■ EXERCISE DIRECTIONS ■
If pictures appear among the lines below, leave them out while you return exactly the lines from the one with "Experience ultimate comfort" through the one with "To enter the".

■ SUPPLIED INFORMATION ■
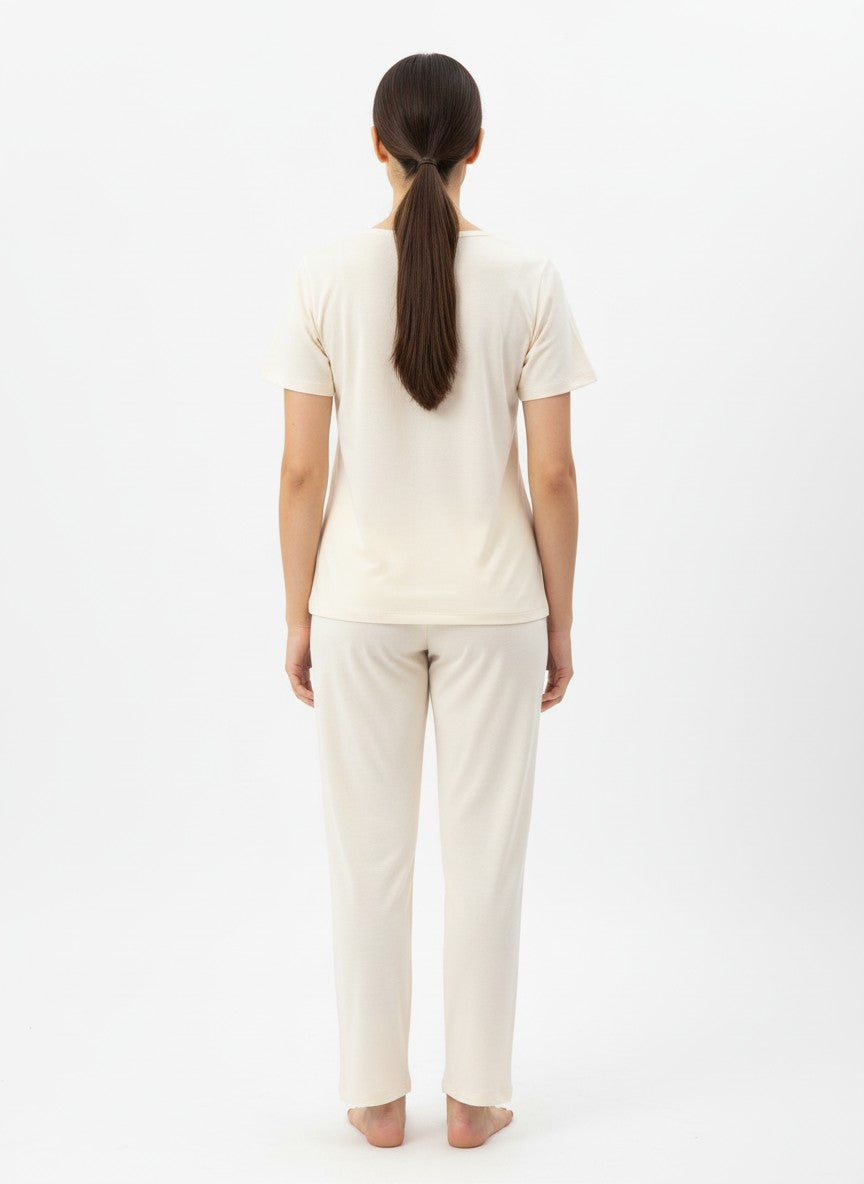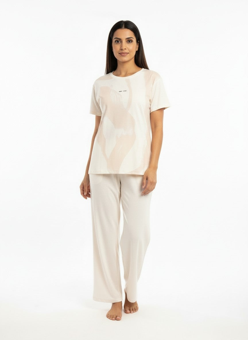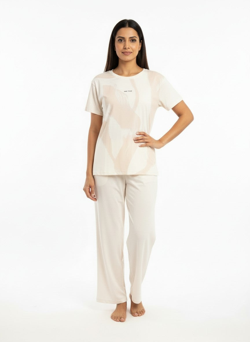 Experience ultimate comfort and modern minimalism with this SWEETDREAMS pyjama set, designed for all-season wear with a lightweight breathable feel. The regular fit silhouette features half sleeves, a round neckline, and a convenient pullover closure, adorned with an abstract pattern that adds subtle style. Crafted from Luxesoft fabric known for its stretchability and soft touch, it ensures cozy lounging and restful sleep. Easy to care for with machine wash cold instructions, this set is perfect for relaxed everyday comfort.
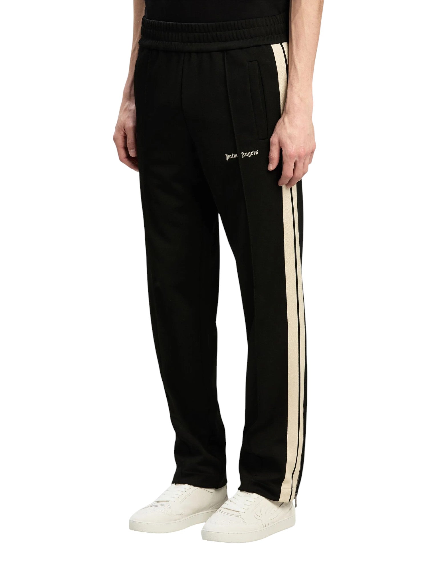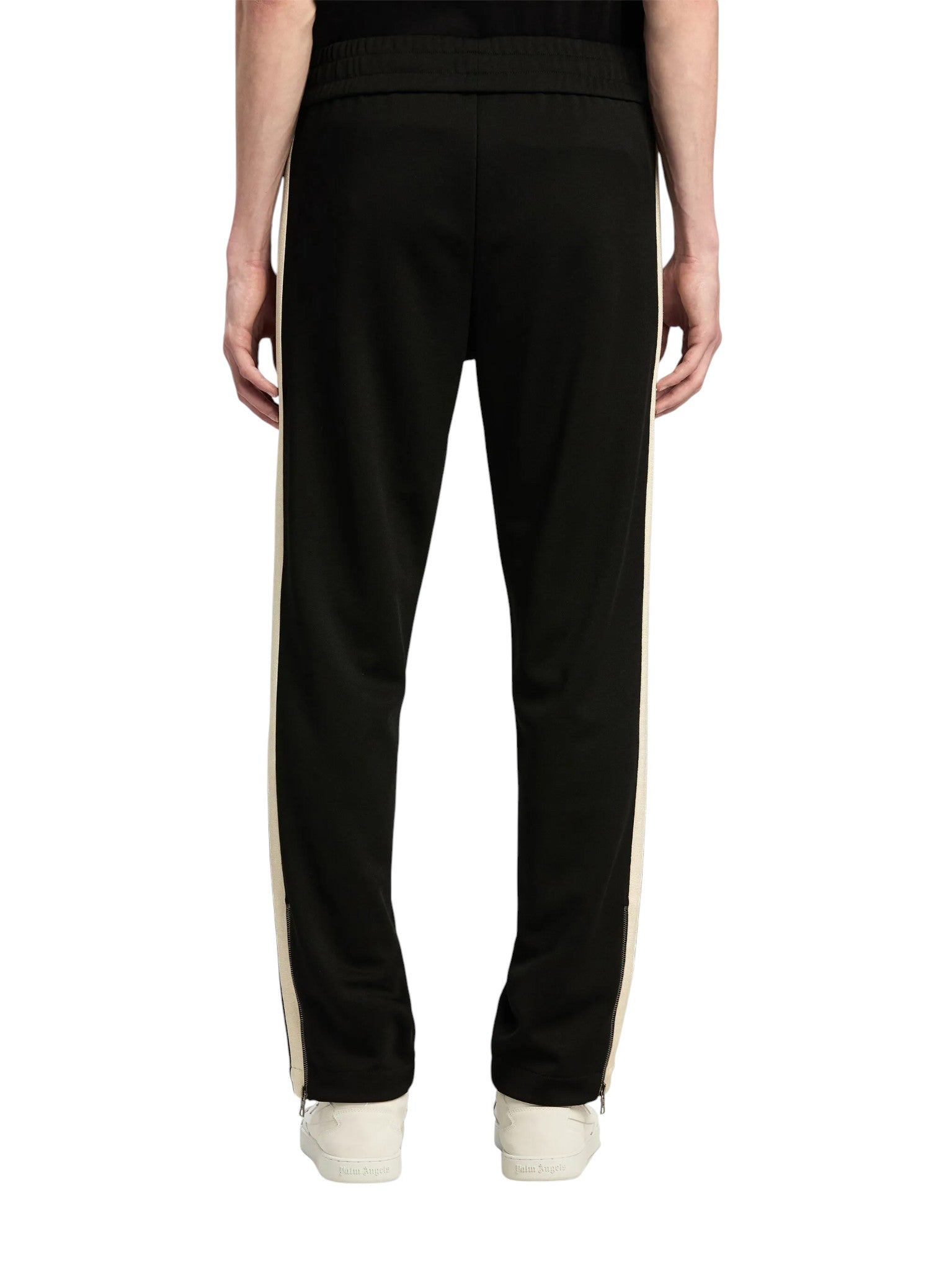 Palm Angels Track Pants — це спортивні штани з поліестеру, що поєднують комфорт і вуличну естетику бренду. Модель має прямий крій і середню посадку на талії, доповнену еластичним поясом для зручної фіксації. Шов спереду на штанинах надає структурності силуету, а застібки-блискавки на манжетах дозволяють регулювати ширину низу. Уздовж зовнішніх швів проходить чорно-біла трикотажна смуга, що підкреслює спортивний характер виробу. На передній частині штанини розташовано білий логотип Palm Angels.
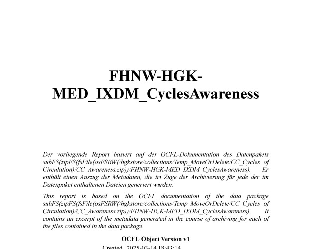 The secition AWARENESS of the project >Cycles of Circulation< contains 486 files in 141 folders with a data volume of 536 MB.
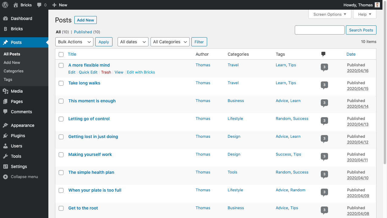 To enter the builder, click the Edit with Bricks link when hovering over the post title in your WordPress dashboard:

==

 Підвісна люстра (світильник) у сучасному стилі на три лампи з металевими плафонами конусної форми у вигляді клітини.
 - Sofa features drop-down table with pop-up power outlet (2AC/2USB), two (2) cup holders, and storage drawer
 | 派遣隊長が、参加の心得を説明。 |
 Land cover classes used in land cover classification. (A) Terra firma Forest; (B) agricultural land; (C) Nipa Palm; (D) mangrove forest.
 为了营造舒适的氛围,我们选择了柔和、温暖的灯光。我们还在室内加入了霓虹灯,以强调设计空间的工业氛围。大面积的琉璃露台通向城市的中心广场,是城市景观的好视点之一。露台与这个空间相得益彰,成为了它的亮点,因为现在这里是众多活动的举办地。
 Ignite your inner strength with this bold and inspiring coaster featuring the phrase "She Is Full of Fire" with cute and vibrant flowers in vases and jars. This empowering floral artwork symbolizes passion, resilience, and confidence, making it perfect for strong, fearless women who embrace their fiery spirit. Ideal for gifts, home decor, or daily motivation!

■ TASK RESPONSE ■
 Experience ultimate comfort and modern minimalism with this SWEETDREAMS pyjama set, designed for all-season wear with a lightweight breathable feel. The regular fit silhouette features half sleeves, a round neckline, and a convenient pullover closure, adorned with an abstract pattern that adds subtle style. Crafted from Luxesoft fabric known for its stretchability and soft touch, it ensures cozy lounging and restful sleep. Easy to care for with machine wash cold instructions, this set is perfect for relaxed everyday comfort.
 Palm Angels Track Pants — це спортивні штани з поліестеру, що поєднують комфорт і вуличну естетику бренду. Модель має прямий крій і середню посадку на талії, доповнену еластичним поясом для зручної фіксації. Шов спереду на штанинах надає структурності силуету, а застібки-блискавки на манжетах дозволяють регулювати ширину низу. Уздовж зовнішніх швів проходить чорно-біла трикотажна смуга, що підкреслює спортивний характер виробу. На передній частині штанини розташовано білий логотип Palm Angels.
 The secition AWARENESS of the project >Cycles of Circulation< contains 486 files in 141 folders with a data volume of 536 MB.
 To enter the builder, click the Edit with Bricks link when hovering over the post title in your WordPress dashboard:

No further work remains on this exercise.